Our point? Soft parts are more important than you realize. What's more, proper installation is just as important as the need for replacement. We want to show you where these soft parts are and how to replace them with the best results possible. We'll show you with photos and illustrations that will give you insight into all of your Mustang's important soft parts.
Windshields and Backlites
Certainly, a frustrating point for most of us who restore Mustangs are leaking windshields and backlites. We've visited with a lot of auto glass installation professionals, and no two have the same routine for leakproof windshield and backlite installation. So we looked to Father Ford on this one because we want to understand how Ford managed a leakproof installation to begin with.
The Right Stuff
Whenever you're installing classic Mustang window glass, it's important to remember to use the correct sealer. Because classic Mustangs have window grommets or gaskets, they use a different type of sealer from the sealer used on late-models. Because gasket-type windshields and backlites are becoming very old news, a lot of windshield shops don't carry butyl sealers anymore. They use 3M's Windo-Weld--sometimes in error--on classic Mustang windshields. Problem is, Windo-Weld is an adhesive and is used for gluing glue-in windshields into place, so it has no place on gasket-type windshields. Windshield adhesives make the windshield virtually impossible to remove, should it ever need replacement in the future.
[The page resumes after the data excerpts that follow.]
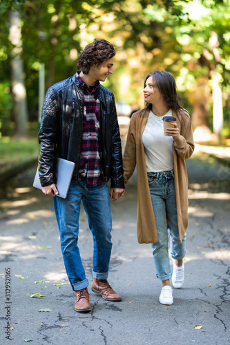 Photo of young loving couple students outdoors outside at street walking drinking coffee talking with each other.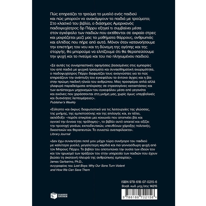 Πώς επηρεάζει το τραύμα το μυαλό ενός παιδιού και πώς μπορούν να ανακάμψουν τα παιδιά με τραύματα; Στο κλασικό του βιβλίο, ο διάσημος Αμερικανός παιδοψυχίατρος δρ Πέρρυ εξηγεί τι συμβαίνει μέσα στον εγκέφαλο των παιδιών που εκτίθενται σε ακραίο στρες και μοιράζεται μαζί μας τα μαθήματα θάρρους, ανθρωπιάς και ελπίδας που πήρε από αυτά. Μόνον όταν κατανοήσουμε την επιστήμη του νου και τη δύναμη της αγάπης και της στοργής, θα μπορούμε να ελπίζουμε ότι θα θεραπεύσουμε την ψυχή και το πνεύμα και του πιο πληγωμένου παιδιού.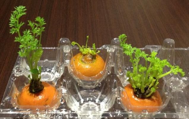胡蘿卜的蒂需要很久才會生根、發芽,但發芽以后的生長速度很快。它們會先長出莖,直到莖長得很高才會慢慢抽出新芽,長出枝葉。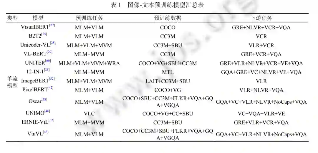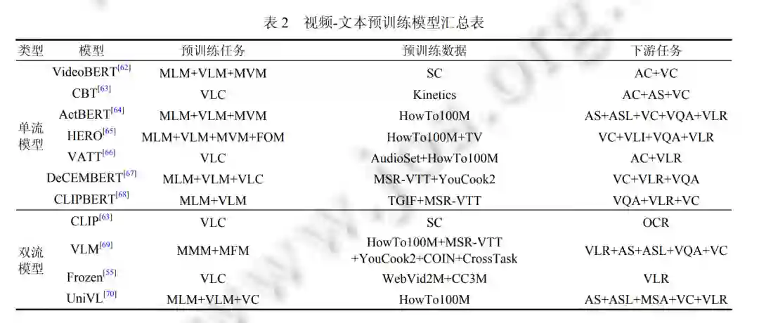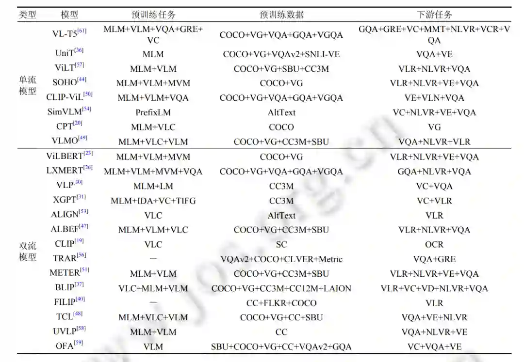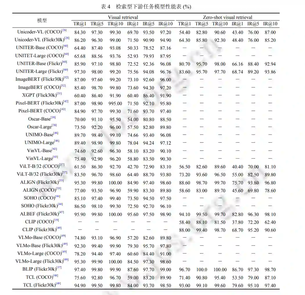 视觉-语言检索 (vision-language retrieval, VLR). VLR 涉及对视觉 (图像或视频) 和语言的理解, 以及适当的匹 配策略. 它包括两个子任务: 从视觉到文本和从文本到视觉的检索, 其中视觉到文本检索是根据视觉从更大的描述库中获取最重要的相关文本描述, 反之亦然. 常见视觉语言预训练模型对应检索型下游任务如表 4 所示, 包括视觉语言检索和零样本 (zero-shot) 的视觉-语言检索。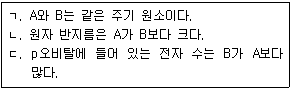 바닥 상태의 원자 A와 B에 대한 설명으로 옳은 것을 <보기>에서 모두 고르면? (단, A와 B는 임의의 원소 기호이다.)
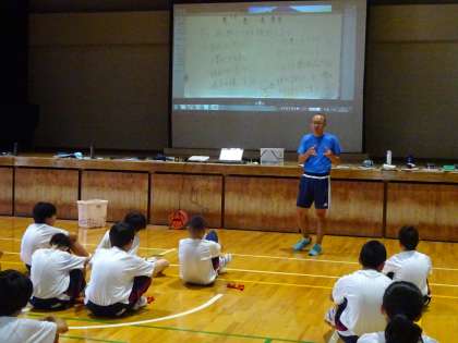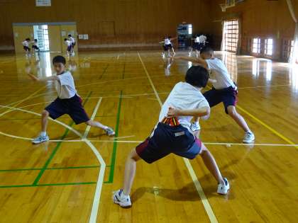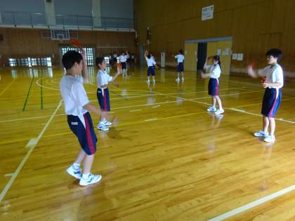 1年2組は体育の授業です。体育館でよさこいの振り付けを、スクリーンの映像を確認しながら覚えています。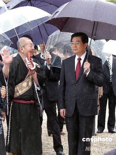 圖:胡錦濤主席在雨中接受日本小姑娘的獻花

Remember, always use a butyl (rubber/petroleum-based) flexible sealer on your classic Mustang windshields and backlites. If your windshield shop suggests gluing in your windshield instead of using the rubber gasket, find another windshield shop.
Felts, Rubbers, and Channels
Classic Mustangs used two basic types of soft parts for doors and windows: molded rubber and felt. Between the door and the body, Ford used molded air-foam rubber weatherstripping. This weatherstrip is retained with 3M Super Weatherstrip Adhesive, available from most autobody paint and supply stores. Run a thin film of this adhesive on the weatherstrip and on the body. Allow it to skin over for 20-30 minutes, then lay down a thin film of this sealer again on the body, and install the weatherstrip. The adhesion will be permanent.
Window channels guide the window up and down in the track. In order to access the channels, you must remove the door panel. For the '65-'66 model years, the channel and window track are one. For the '67-'68, the window channel is installed in the steel window track. In any case, your objective should be a smooth operation. For the '65-'66, the window channel assembly slips into the vent-window frame, with the grommet at the top held in place with a single rivet. For the '67-'68, the soft channel is retained at the top of the track with a single-sheet metal screw.
Window felts and slippers are retained with clips externally and internally, except at the rear quarter windows--where they're retained internally with staples. The greatest challenge is to ensure the window does not remove the slippers and/or felts during roll down. This is where proper window adjustment is vital.
Both the hood and the decklid have seals as well. Decklid seals should be installed using 3M's Super Weatherstrip Adhesive as explained earlier. The seal's mouth (groove) should be pointed inward, never outward. It should be attached to the lid, not the body. The seal's end gap should always be positioned at the trunk lock, never at the backlite. These suggestions are based on experience and knowing how the factory did it to begin with.